Supplied data –
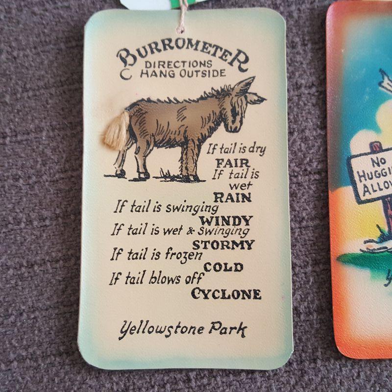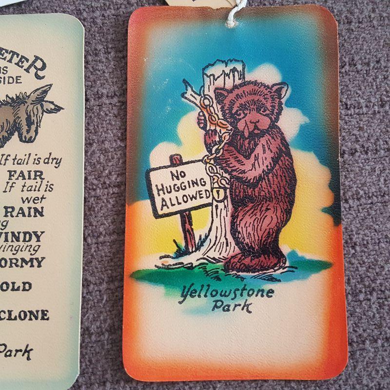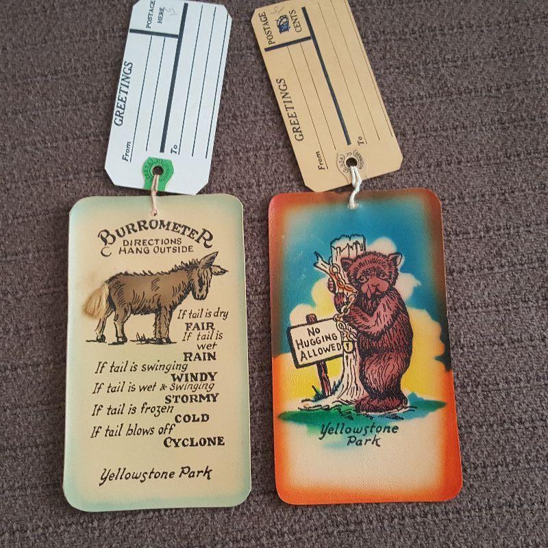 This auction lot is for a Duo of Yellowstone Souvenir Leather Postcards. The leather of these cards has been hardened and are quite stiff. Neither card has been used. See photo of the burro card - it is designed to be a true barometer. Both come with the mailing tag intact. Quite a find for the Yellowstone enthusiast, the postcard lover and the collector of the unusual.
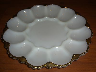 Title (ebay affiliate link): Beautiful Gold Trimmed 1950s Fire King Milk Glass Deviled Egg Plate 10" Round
---
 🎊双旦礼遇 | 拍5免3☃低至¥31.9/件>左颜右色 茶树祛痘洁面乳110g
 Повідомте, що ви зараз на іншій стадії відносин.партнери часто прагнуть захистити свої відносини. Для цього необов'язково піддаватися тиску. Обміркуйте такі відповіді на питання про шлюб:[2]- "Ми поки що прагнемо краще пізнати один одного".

Your task – Pictures aside, return exactly the lines from the data above, starting at the line that has "This auction lot" and ending at the line that has "Title (ebay affiliate", both included.

Finished exercise –
 This auction lot is for a Duo of Yellowstone Souvenir Leather Postcards. The leather of these cards has been hardened and are quite stiff. Neither card has been used. See photo of the burro card - it is designed to be a true barometer. Both come with the mailing tag intact. Quite a find for the Yellowstone enthusiast, the postcard lover and the collector of the unusual.
 Title (ebay affiliate link): Beautiful Gold Trimmed 1950s Fire King Milk Glass Deviled Egg Plate 10" Round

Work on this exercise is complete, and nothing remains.